Idiophantis stoica

Scientific classification
- Domain: Eukaryota
- Kingdom: Animalia
- Phylum: Arthropoda
- Class: Insecta
- Order: Lepidoptera
- Family: Gelechiidae
- Genus: Idiophantis
- Species: I. stoica
- Binomial name: Idiophantis stoica Meyrick, 1907

= Idiophantis stoica =

- Authority: Meyrick, 1907

Species of moth

Idiophantis stoica is a moth of the family Gelechiidae. It was described by Edward Meyrick in 1907. It is found in southern India. The wingspan is 15–16 mm. The forewings are pale ochreous, irregularly tinged with fuscous and with a cloudy dark fuscous subdorsal dot at one-fourth. The stigmata are blackish, the plical represented by two transversely placed dots enclosed in the fuscous suffusion, the second discal by two transversely placed dots, an additional dot midway between the lower of these and the upper plical.

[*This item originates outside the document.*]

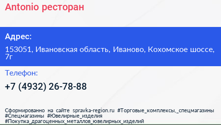 Antonio, ресторан по адресу 153051, Ивановская область, Иваново, Кохомское шоссе, 7г в дальнейшем Организация, размещена в следующих категориях: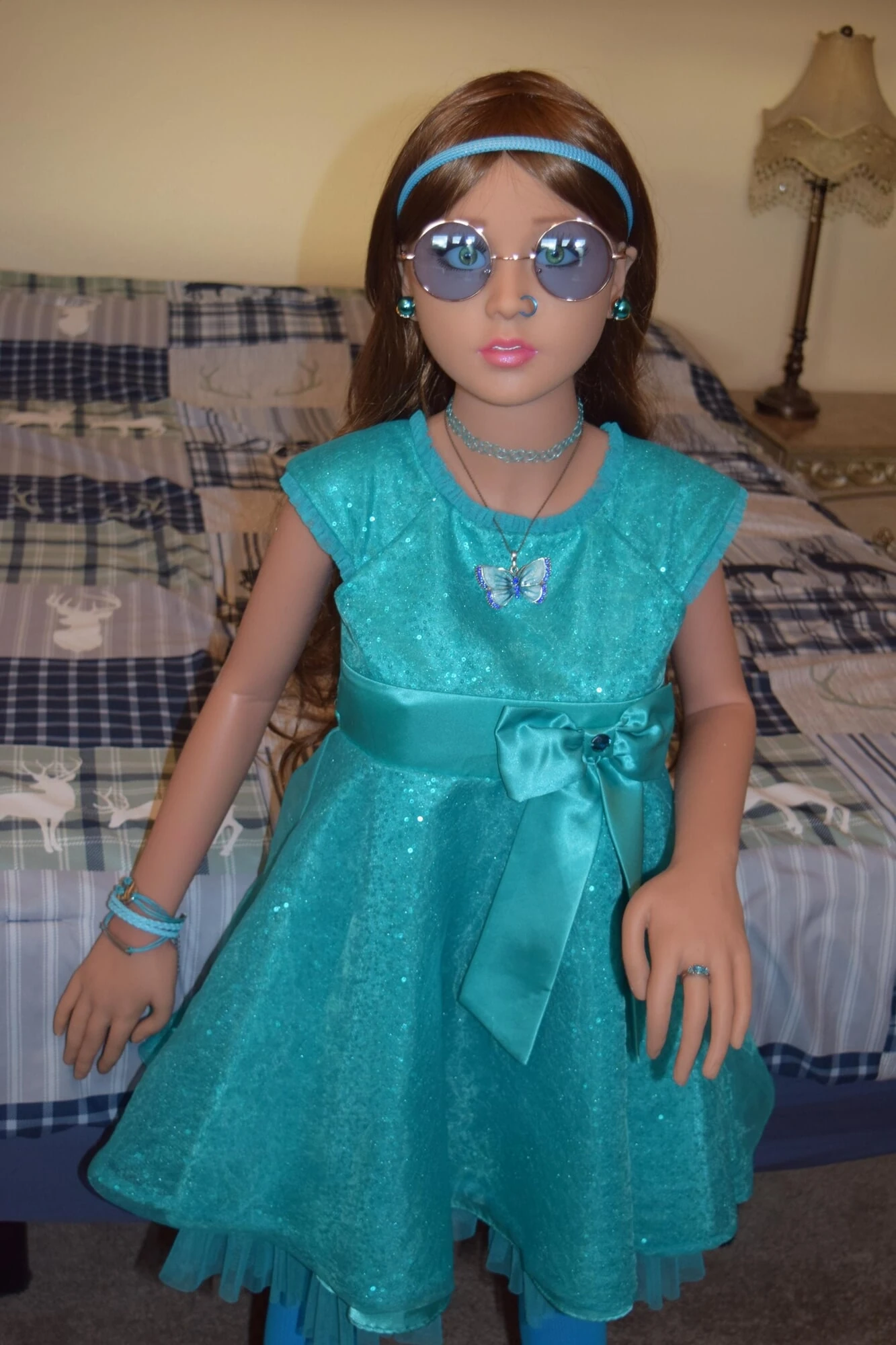 She weighs 54# and is 140cm tall. She is made of TPE, with a metal skeleton. After a corn starch massage she feels amazing and I can barely keep my hands off her to snap some shots. Especially after I get her all dressed up!

There is an oblique white line from four-fifths of the costa, edged with black on the costa, angulated opposite the terminal concavity and continued obsoletely to near the tornus. There is a white dark-edged line from the costa beyond this running to the apex and some blackish suffusion on the termen towards the middle. The hindwings are grey, paler towards the base.